• PROBLEM DETAILS:
Below are the records; give again exactly the line with "Vista geral da", the line with "A 30ª Assembléia", and each line that lies between them, and nothing besides.

• DATA FOR THE TASK:
════

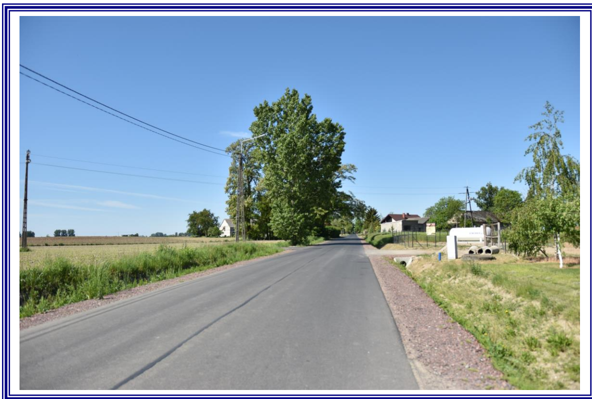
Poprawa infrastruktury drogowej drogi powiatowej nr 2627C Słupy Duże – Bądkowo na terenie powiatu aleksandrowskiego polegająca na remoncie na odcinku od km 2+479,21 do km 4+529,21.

════

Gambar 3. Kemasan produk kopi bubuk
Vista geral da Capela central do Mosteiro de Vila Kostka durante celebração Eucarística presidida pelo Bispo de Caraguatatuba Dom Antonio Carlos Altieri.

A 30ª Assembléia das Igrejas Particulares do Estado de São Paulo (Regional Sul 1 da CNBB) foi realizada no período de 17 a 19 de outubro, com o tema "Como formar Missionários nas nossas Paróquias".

════

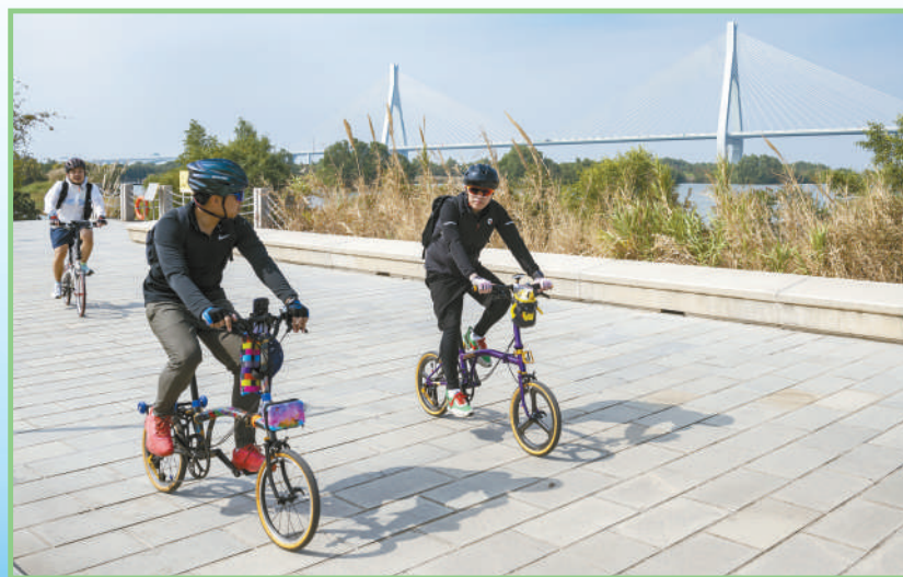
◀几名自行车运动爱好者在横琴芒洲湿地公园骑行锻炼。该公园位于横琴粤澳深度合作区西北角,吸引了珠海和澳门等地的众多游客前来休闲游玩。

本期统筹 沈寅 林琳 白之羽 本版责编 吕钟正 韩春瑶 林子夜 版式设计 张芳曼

════

• OUTPUT BELOW:
Vista geral da Capela central do Mosteiro de Vila Kostka durante celebração Eucarística presidida pelo Bispo de Caraguatatuba Dom Antonio Carlos Altieri.

A 30ª Assembléia das Igrejas Particulares do Estado de São Paulo (Regional Sul 1 da CNBB) foi realizada no período de 17 a 19 de outubro, com o tema "Como formar Missionários nas nossas Paróquias".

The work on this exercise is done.